Animal sources of ALA
- Few varieties of cold water fish are found to be rich in ALA.. They’re Salmon, sardines, herring, mackerel etc.. So the fish oils extracted from such sources can form a significant part of our diet.
- The thylakoid membranes of green plants with broad leaves have a higher proportion of ALA.. Hence animals that consume these plants are also a fantastic source of ALA..
Sources of Omega-6 Fatty Acids
Nutritionally important omega-6 fatty acids are Linoleic acid and Arachidonic acid. They’re also called polyunsaturated fatty acids or PUFAs. The Linoleic acid becomes converted into gamma-linolenic acid (GLA) in our body. They act as precursors for prostaglandins and are vital for healthy brain function.

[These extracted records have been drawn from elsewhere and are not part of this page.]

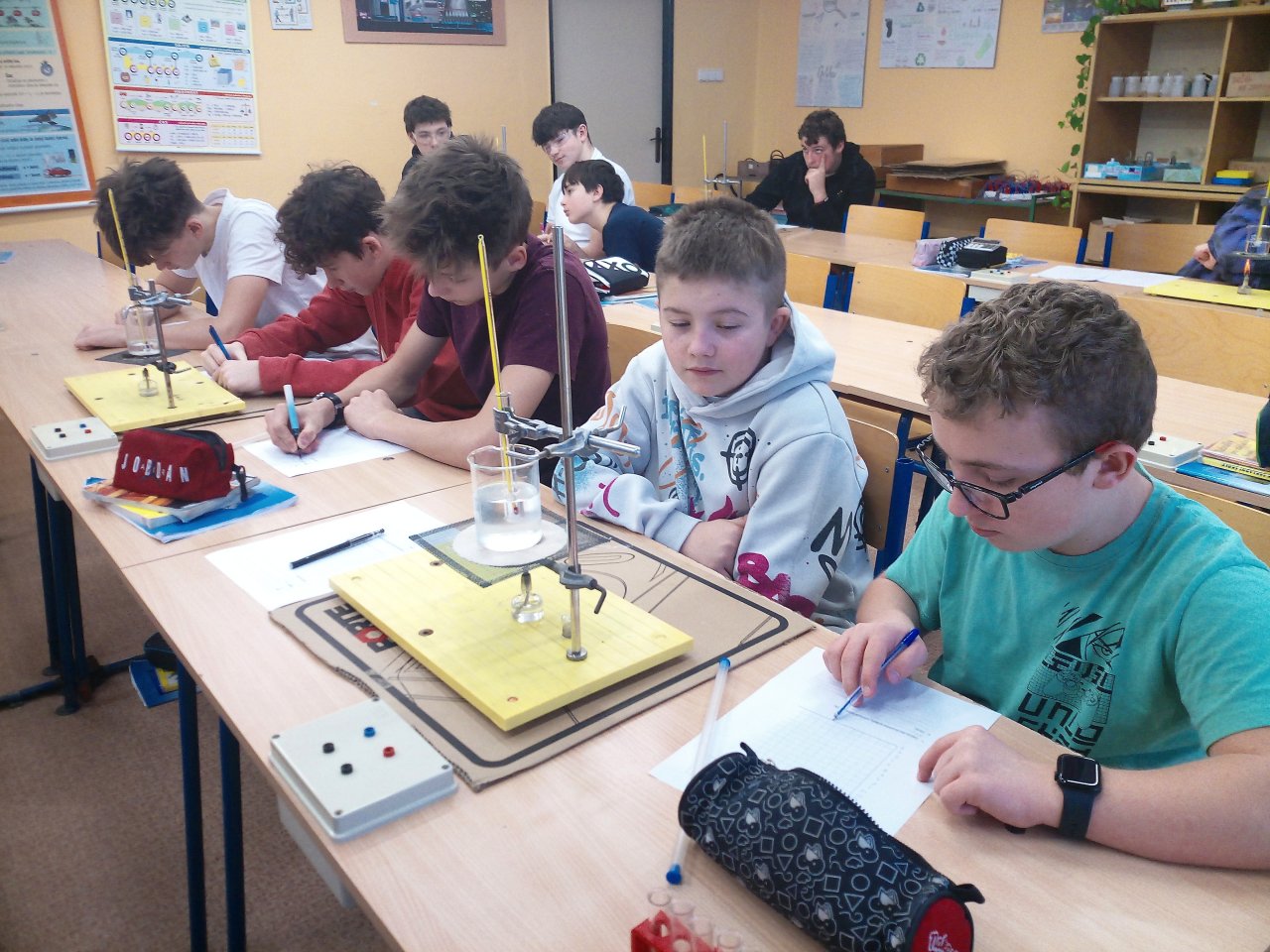 Datum: 10. 12. 2025V hodině fyziky si žáci 8. třídy vyzkoušeli zajímavý chemicko-fyzikální experiment. Jejich úkolem bylo určit teplotu tání thiosíranu sodného, látky známé svými výraznými krystalickými vlastnostmi.
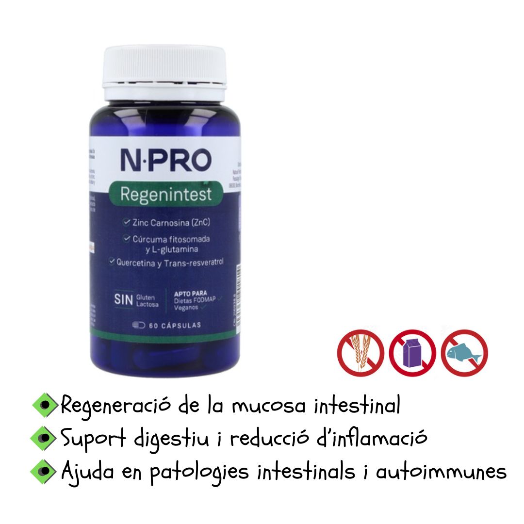 Regenintest en càpsules és un suplement dissenyat per a la regeneració de la mucosa intestinal i el suport digestiu. Conté L-glutamina, zinc carnosina i extractes vegetals com l’àloe vera, regalèssia deglicirrizinada (DGL), camamilla i cúrcuma, que actuen de manera sinèrgica per protegir i reparar la paret intestinal.
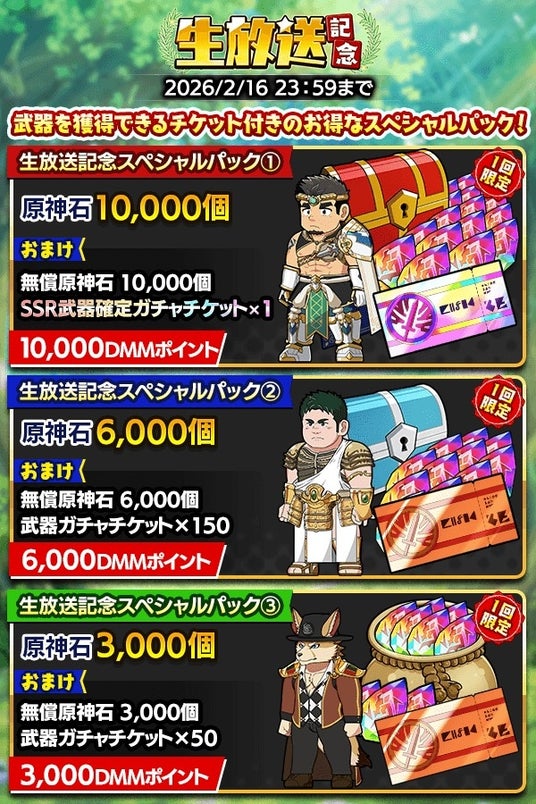 さらに、原神石に加え武器ガチャチケットが付いたオトクなスペシャルパックが3種登場!この機会をお見逃しなく!
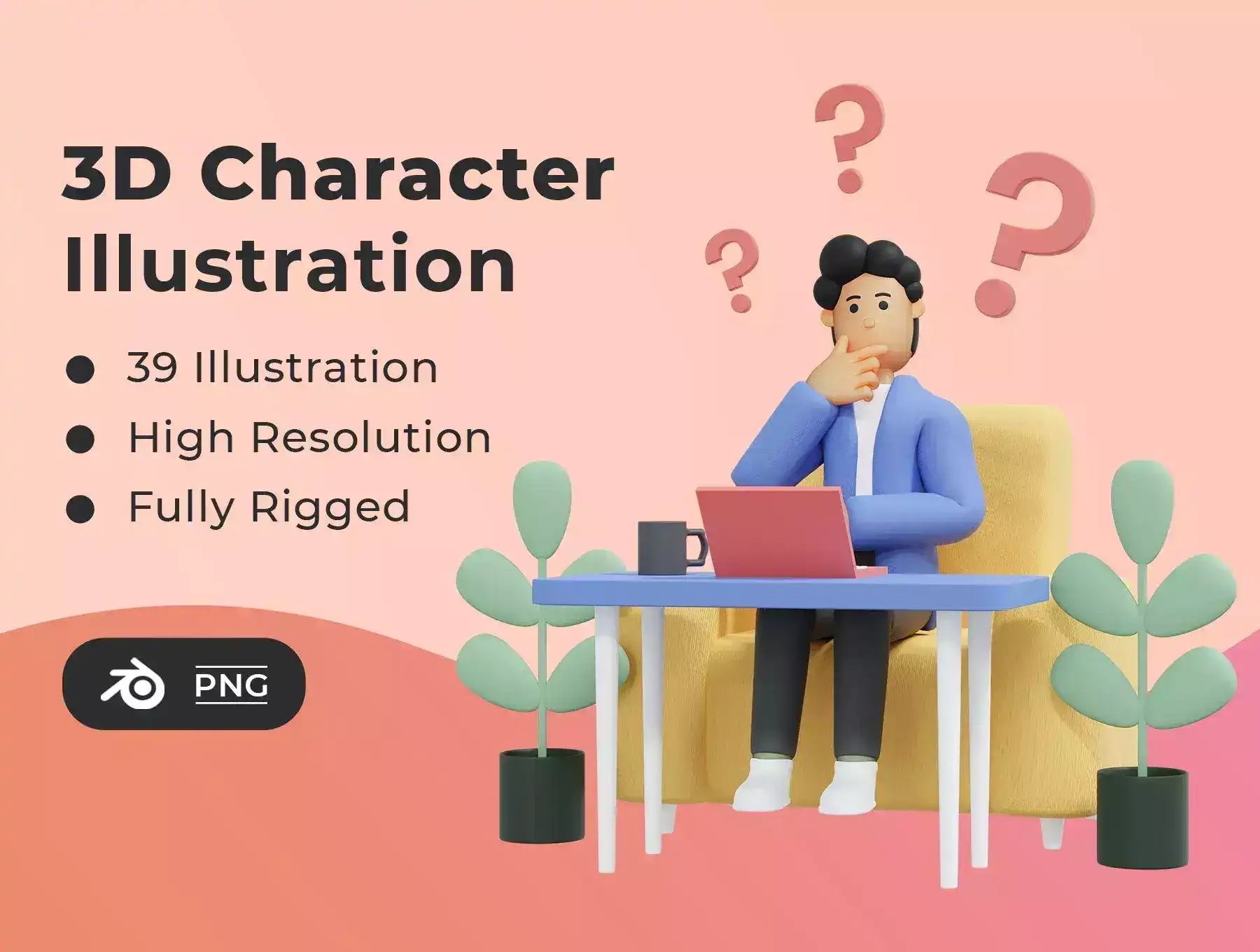 3D Character illustration packs are made for various purposes such as your presentations, posts, apps and websites to be attractive. You will get 39 high quality character illustrations (3000x3000 PNG) as well as a blender file. You can change the character's pose and color at will.

A Lot of vegetable oils have been found to be abundant in omega-6 fatty acids and few of these are:
- Baumwolle Samenöl
- Färberdisteln Öl
- Borretsch Öl
- Mais Öl
- Olive Öl
Note: Although these oils are rich in essential fatty acids it is suggested to prevent the ingestion of refined and hydrogenated versions of these oils as they are injurious to health.
- Other poultry products such as chicken.
Selection Criteria for Intake of Fats
- Avoid saturated fats as far as possible
- Choice of an apt polyunsaturated fat is a wise choice to be taken
- Try to take foods full of omega-3 fatty acids such as whole-grains, fresh vegetables and fruits.
- Non-vegetarians can supplement their diet with fish.
- Try to decrease the intake of processed and fast foods.